Americans are used to the version where tricks and ISPs advertise “unlimited”
but have arbitrarily defined and enforced caps with no transparency where tut
may get throttled, random packets dropped, that sort of thing.

Australia OTOH (IMHO) handled this much better.

The ACCC (like the FTC/FCC but with teeth and without regulatory capture) said
it was false advertising under the Trade Practices Act to say something was
“unlimited” if it has soft or hard data caps.

What this did in the nascent days of Australia’s broadband was force ISPs to
offer an explicit quota that was advertised. It allowed Javier users to pay
more and lighter users to pay less.

Some hardliners here will rejects even that but non-American ISPs have one big
coat and limitation that American ISPs don’t: they have to pay to connect to
America. And transpacific bandwidth certainly wasn’t free.
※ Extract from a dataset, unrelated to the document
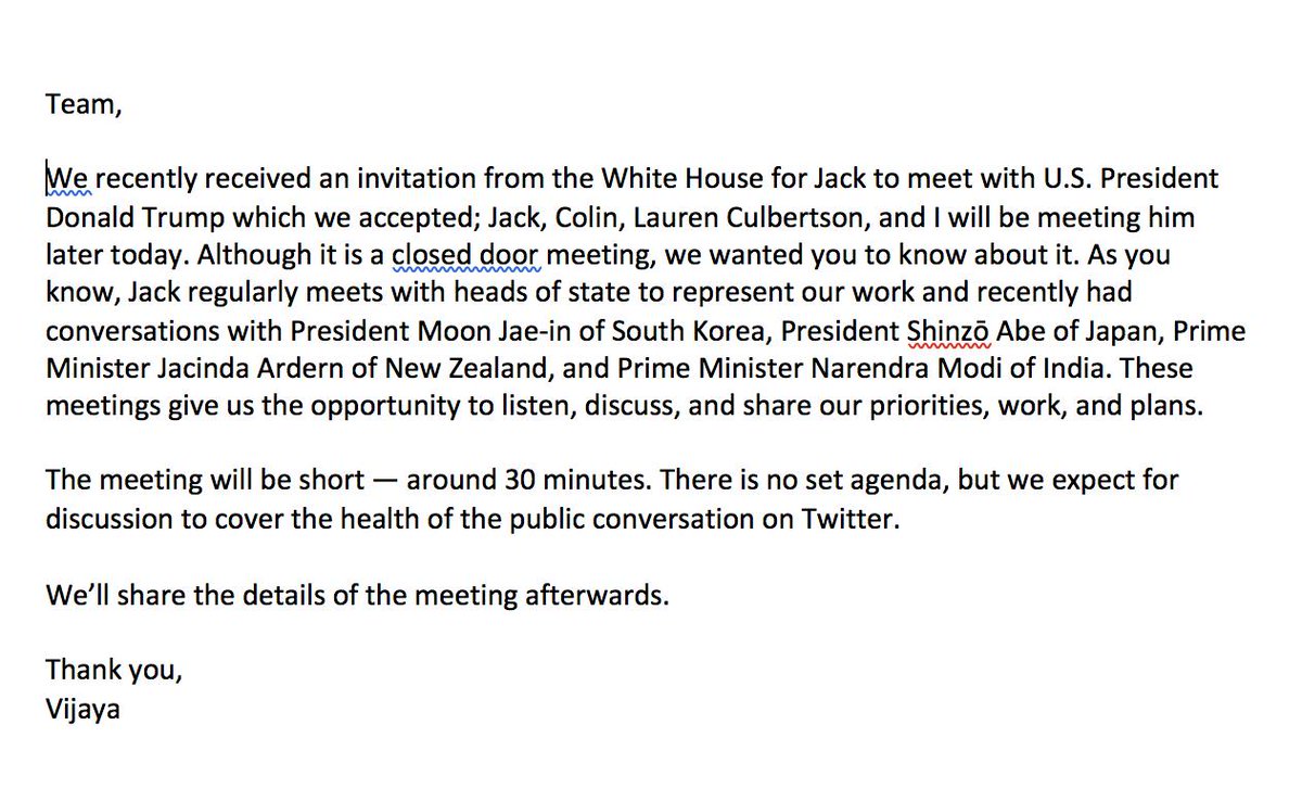 Here are the internal emails sent to Twitter employees. One is from Twitter policy and legal head Vijaya Gadde. The other is from CEO Jack Dorsey.pic.twitter.com/kwED7krPMN

Nowadays unlimited is more the norm and it’s actual unlimited too. This is
just market maturity as external bandwidth is a lot more plentiful than 10-20
years ago.

Of course, the connection speeds still suck but that’s a whole other thing.

My point is that companies need to be stopped when they make false claims
about “unlimited” or anything else.

------
amitport
This will probably only change through regulation. The only way you'll get
regulation is by making politicians view this as very good PR for themselves.

(This is what happened in Israel, though it's rare to see such effectiveness
here)

------
kwhitefoot
What are the data caps? How many GB of up and down traffic?

Here in Norway only mobile data is capped. ADSL and fibre are effectively
unlimited. As far as I know this is generally the case in Europe.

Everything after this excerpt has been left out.